**TASK OBJECTIVE**
Would you copy only the lines below, from the one containing "не готовы конкурир" through the very last one, leaving the pictures out?

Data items
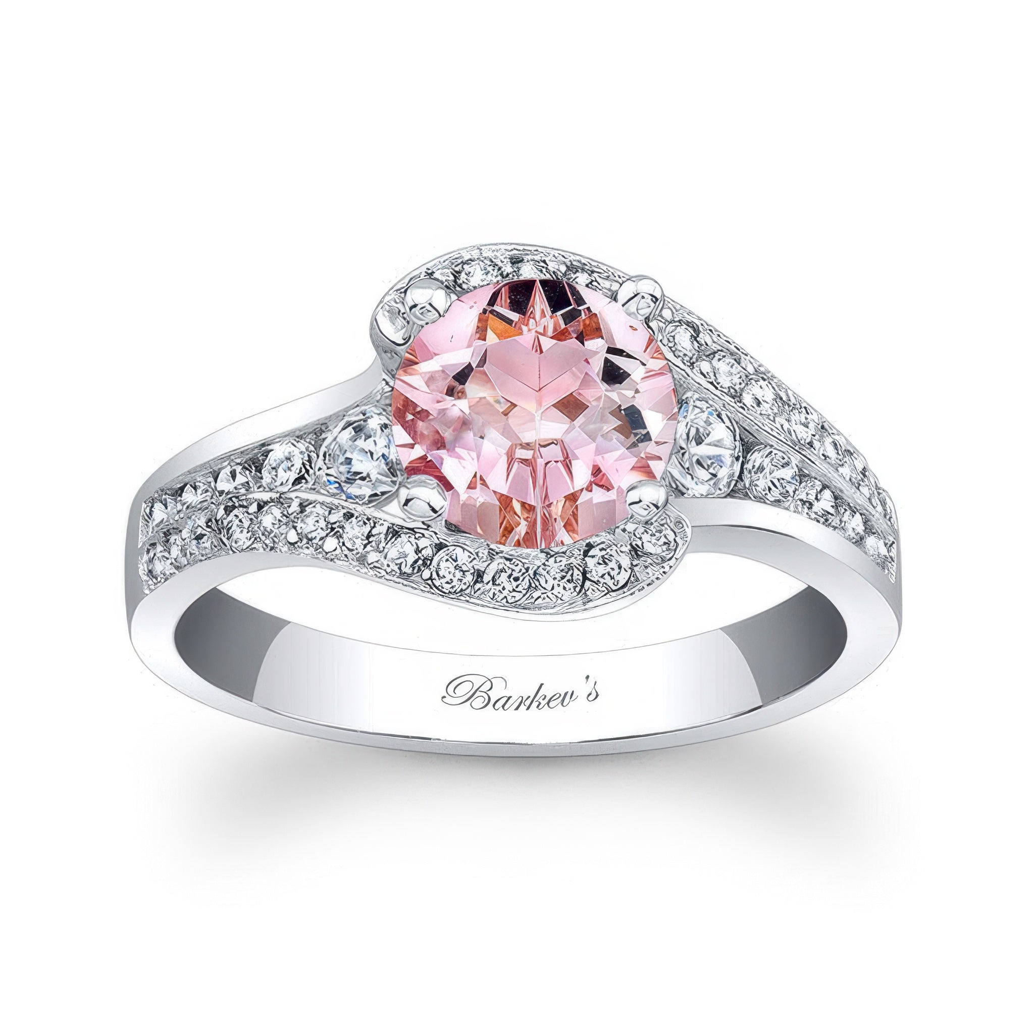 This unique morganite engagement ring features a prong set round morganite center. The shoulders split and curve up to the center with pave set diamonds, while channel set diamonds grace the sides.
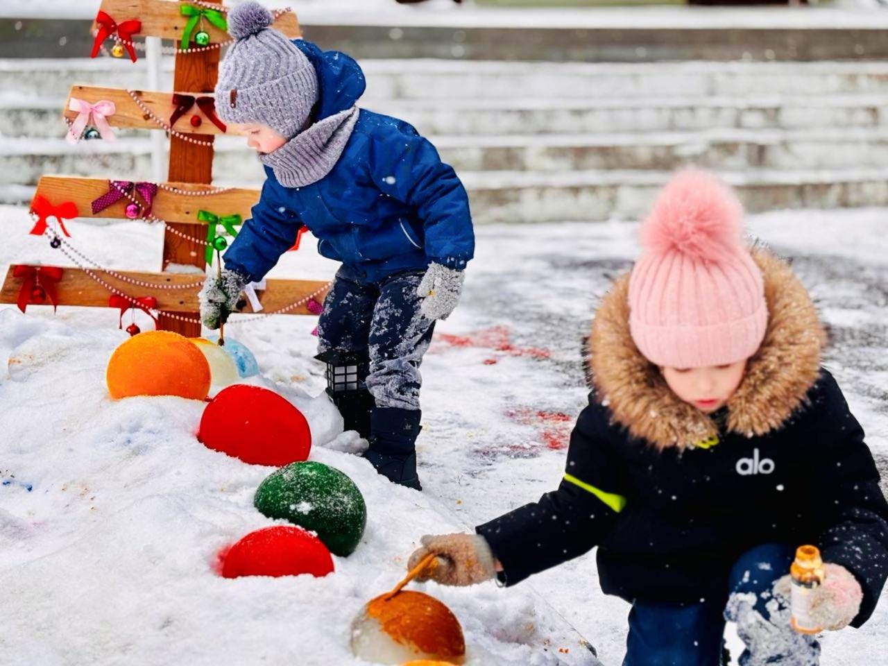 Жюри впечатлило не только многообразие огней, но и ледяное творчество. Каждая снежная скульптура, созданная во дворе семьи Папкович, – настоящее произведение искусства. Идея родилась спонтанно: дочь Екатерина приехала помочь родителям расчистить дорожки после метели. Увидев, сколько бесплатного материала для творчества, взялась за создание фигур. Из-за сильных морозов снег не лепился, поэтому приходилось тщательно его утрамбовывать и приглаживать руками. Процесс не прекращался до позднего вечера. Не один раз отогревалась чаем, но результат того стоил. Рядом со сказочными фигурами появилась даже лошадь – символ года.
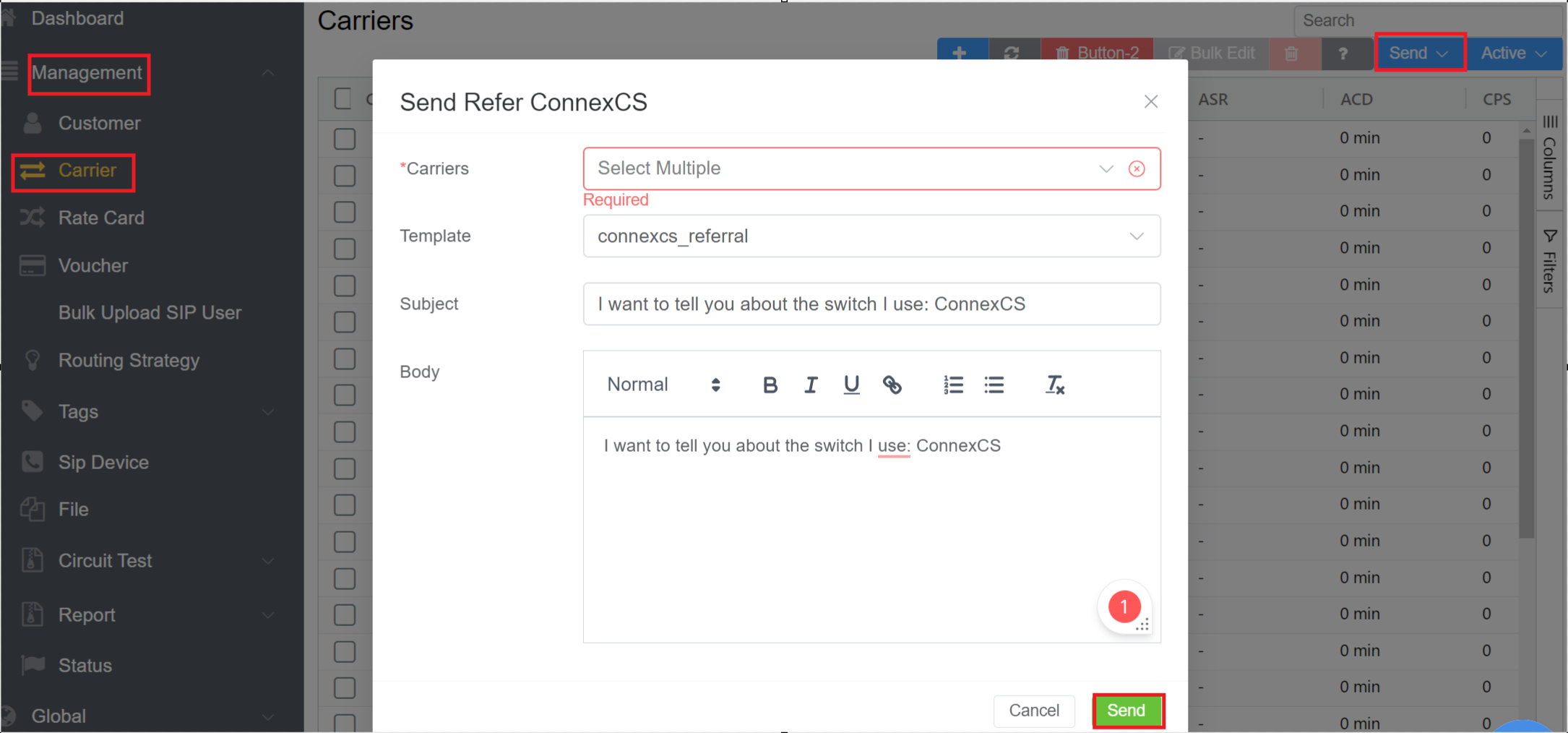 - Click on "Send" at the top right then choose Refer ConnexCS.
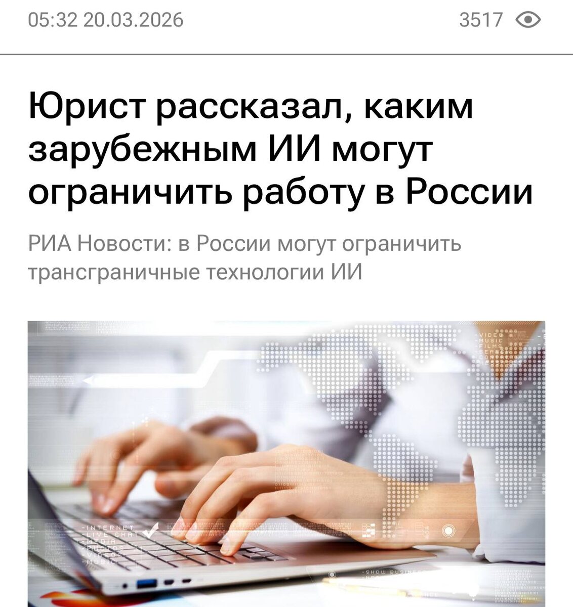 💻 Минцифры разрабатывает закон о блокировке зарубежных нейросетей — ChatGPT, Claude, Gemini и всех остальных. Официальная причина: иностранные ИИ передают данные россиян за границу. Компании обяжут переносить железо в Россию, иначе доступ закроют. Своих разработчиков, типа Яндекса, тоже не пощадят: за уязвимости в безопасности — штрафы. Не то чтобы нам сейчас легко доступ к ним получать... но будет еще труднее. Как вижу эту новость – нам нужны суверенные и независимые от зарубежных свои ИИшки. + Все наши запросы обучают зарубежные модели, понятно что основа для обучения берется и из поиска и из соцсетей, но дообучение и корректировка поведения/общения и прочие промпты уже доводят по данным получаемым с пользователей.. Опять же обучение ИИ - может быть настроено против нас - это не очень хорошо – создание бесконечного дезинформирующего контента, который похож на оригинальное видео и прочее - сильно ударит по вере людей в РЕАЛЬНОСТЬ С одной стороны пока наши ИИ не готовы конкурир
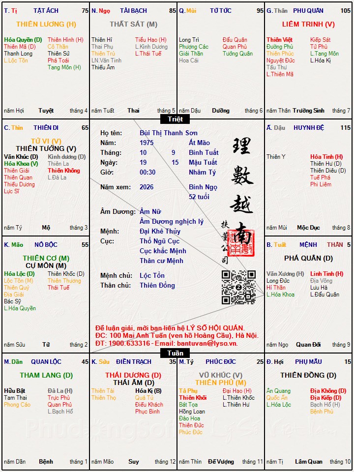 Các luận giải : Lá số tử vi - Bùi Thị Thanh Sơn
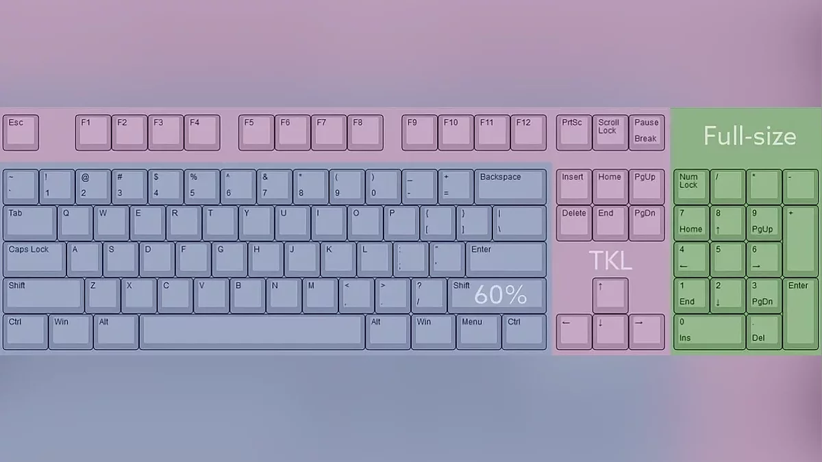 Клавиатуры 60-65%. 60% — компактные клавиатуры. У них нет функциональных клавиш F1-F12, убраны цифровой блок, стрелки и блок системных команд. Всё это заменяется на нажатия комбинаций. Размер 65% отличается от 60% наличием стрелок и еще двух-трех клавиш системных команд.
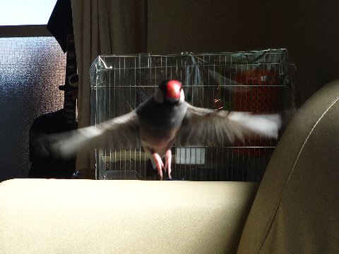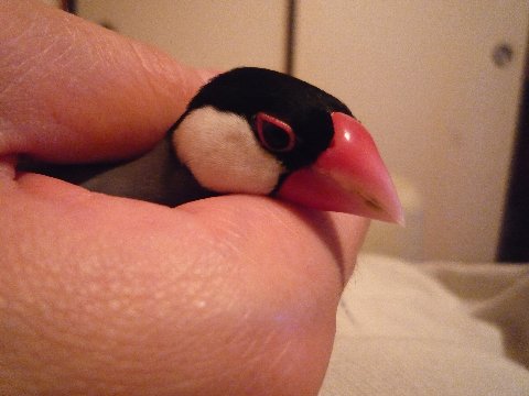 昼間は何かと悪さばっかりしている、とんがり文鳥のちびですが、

**TASK RESPONSE**
 💻 Минцифры разрабатывает закон о блокировке зарубежных нейросетей — ChatGPT, Claude, Gemini и всех остальных. Официальная причина: иностранные ИИ передают данные россиян за границу. Компании обяжут переносить железо в Россию, иначе доступ закроют. Своих разработчиков, типа Яндекса, тоже не пощадят: за уязвимости в безопасности — штрафы. Не то чтобы нам сейчас легко доступ к ним получать... но будет еще труднее. Как вижу эту новость – нам нужны суверенные и независимые от зарубежных свои ИИшки. + Все наши запросы обучают зарубежные модели, понятно что основа для обучения берется и из поиска и из соцсетей, но дообучение и корректировка поведения/общения и прочие промпты уже доводят по данным получаемым с пользователей.. Опять же обучение ИИ - может быть настроено против нас - это не очень хорошо – создание бесконечного дезинформирующего контента, который похож на оригинальное видео и прочее - сильно ударит по вере людей в РЕАЛЬНОСТЬ С одной стороны пока наши ИИ не готовы конкурир
 Các luận giải : Lá số tử vi - Bùi Thị Thanh Sơn
 Клавиатуры 60-65%. 60% — компактные клавиатуры. У них нет функциональных клавиш F1-F12, убраны цифровой блок, стрелки и блок системных команд. Всё это заменяется на нажатия комбинаций. Размер 65% отличается от 60% наличием стрелок и еще двух-трех клавиш системных команд.
 昼間は何かと悪さばっかりしている、とんがり文鳥のちびですが、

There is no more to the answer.